Фернан пожал плечами:
— Я совершенно не понимаю, для чего нужно вполне благопристойных кроликов превращать в каменных кроликов. Кому вместо хороших сочных помидоров и бананов нужны каменные помидоры и бананы?
Я насторожился и пристально взглянул на него. За все время моего пребывания здесь со мной никто так откровенно не говорил о делах, происходящих в институте Грабера. Может быть, это провокация? Может быть, немцы заподозрили, что я уже слишком много знаю, и просто хотят выяснить, как много мне известно? Я плотно сжал губы и ничего не ответил.
— Ну хорошо. Спокойной ночи, — сказал Фернан и ушел.
В течение нескольких дней он не появлялся. За это время произошло событие, которому суждено было стать решающим во всей этой истории.
Как-то вечером после работы я позвонил фрау Айнциг, чтобы сверить часы. Она сняла трубку и, произнося знакомое мне “алло”, вдруг перестала со мной говорить. Вместо ее голоса я внезапно услышал несколько голосов. Разговор был не очень внятный, торопливый, но очень скоро смысл его дошел до моею сознания. Кто-то сообщал фрау Айнциг, что получена радиограмма о прибытии в институт крупного начальства. В связи с этим что-то нужно было сделать, с чем-то поторопиться, за кем-то послать. Дата прибытия точно не установлена. Айнциг повесила трубку, и я больше ничего не услышал.

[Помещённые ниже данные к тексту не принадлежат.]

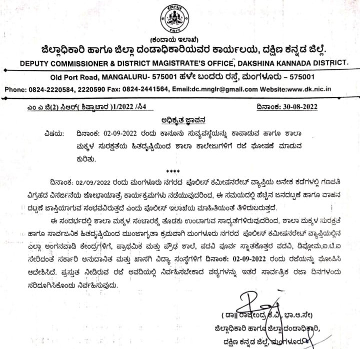 ಮಂಗಳೂರು, ಆ.30: ಪೊಲೀಸ್ ಕಮಿಷನರೇಟ್ ವ್ಯಾಪ್ತಿಯ ಮಂಗಳೂರು ನಗರದ ಶಾಲಾ-ಕಾಲೇಜುಗಳಿಗೆ ಸೆ. 2ರಂದು ರಜೆ ಘೋಷಣೆ ಮಾಡಿ ದಕ್ಷಿಣ ಕನ್ನಡ ಜಿಲ್ಲಾಧಿಕಾರಿ ಡಾ. ಕೆ.ವಿ. ರಾಜೇಂದ್ರ ಆದೇಶ ಹೊರಡಿಸಿದ್ದಾರೆ.

На следующее утро на территории института началась беготня. Я видел, как Шварц несколько раз торопливо прошел из своей лаборатории в южную и обратно, как из южной лаборатории пробежали трусцой в здание Грабера несколько человек в белых халатах, как по дороге вдоль восточной ограды взад и вперед метались рабочие.
В этот день обо мне забыли.
Однако вскоре после обеда в моем помещении появился Фернан. С первого же взгляда было ясно, что он очень взволнован, и я даже не удивился тому, что он не принес никаких препаратов для анализа.
— Чем могу служить? — спросил я насмешливо, понимая, что немцы переполошились из-за приезда начальства.
Фернан виновато улыбнулся и как-то очень просто сказал:
— Ух, забегался! Решил у вас отдохнуть…
— Отдохнуть?
— Да. Вы не возражаете, если я у вас посижу несколько минут?
Я пожал плечами и показал на стул. Он сел и проговорил:
— Прошу вас, если придет доктор Шварц, рассказывайте мне что-нибудь о своей работе. Это будет выглядеть так, будто я пришел к вам по делу,
Я внимательно посмотрел ему в глаза. Все эта начинало меня злить. Я спросил:
— Вы, наверно, думаете, что я безнадежный идиот и не понимаю, что значит вся эта комедия?
— Комедия? — Он даже привстал. — По-моему, это не комедия. Может быть, для вас, но не для меня…
— Господин Фернан, давайте договоримся: если вам поручили за мной следить, то делайте это как-нибудь поумнее…
Он опустил голову, потер рукой лоб и тихонько засмеялся:
— Черт возьми! А ведь верно, какое право я имею на ваше доверие? Никакого…
Мне показалось странным, что он так говорит. Вел он себя очень непосредственно.
Подумав, он вдруг заговорил снова:
— Хорошо. Давайте будем откровенны. Другого выхода у меня нет. Только ответьте мне на один-единственный вопрос. Он может вам показаться странным, но для меня это важно. Согласны?
— Смотря какой вопрос, — настороженно сказал я.
— Вы любите Францию?
Пока я думал, он смотрел на меня широко раскрытыми черными глазами, излучающими какой-то глубокий душевный жар… Я внезапно почувствовал, что передо мной не тот человек, за которого я его принимал.
— Если это так важно, я могу ответить: да.
— Я вам верю. Слушайте. — Он перешел на шепот: — Я не Фернан, и мне грозит опасность…
Мы долго молчали, разглядывая друг друга. Он смотрел мне прямо в глаза, и в них я не находил ничего, кроме искренности…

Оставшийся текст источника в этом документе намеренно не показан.